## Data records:
Segment Open

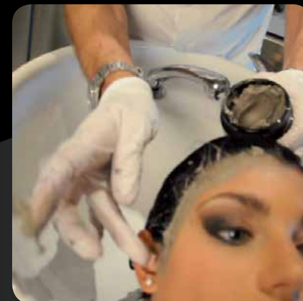
Stain remover application
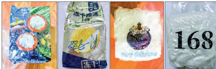
Photos reveal different kinds of drug packages seized by authorities.
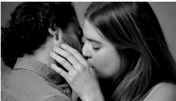
"First Kiss" bolted Sentiment onto Lust and created a viral sensation.

The most-shared viral ad of 2014 was First Kiss, a video made by an unknown clothing
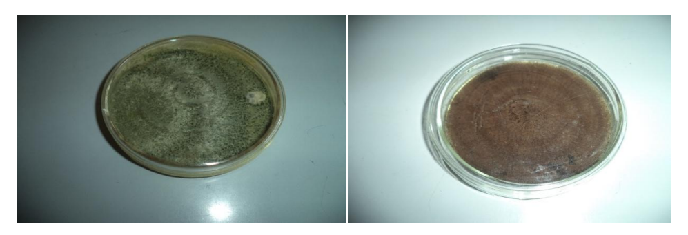
Fig. 4. Dual culture of T. harzianum and A. niger on potato dextrose agar (left); T. harzianum was introduced 2 days before inoculation of A. niger (2 dbi) and pure culture of A. niger on potato dextrose agar as control (right)

Segment Closed

## THE TASK:
Repeat every line above precisely; pictures do not belong in the copy.

## RESULT FOR THIS EXERCISE:
Stain remover application
Photos reveal different kinds of drug packages seized by authorities.
"First Kiss" bolted Sentiment onto Lust and created a viral sensation.

The most-shared viral ad of 2014 was First Kiss, a video made by an unknown clothing
Fig. 4. Dual culture of T. harzianum and A. niger on potato dextrose agar (left); T. harzianum was introduced 2 days before inoculation of A. niger (2 dbi) and pure culture of A. niger on potato dextrose agar as control (right)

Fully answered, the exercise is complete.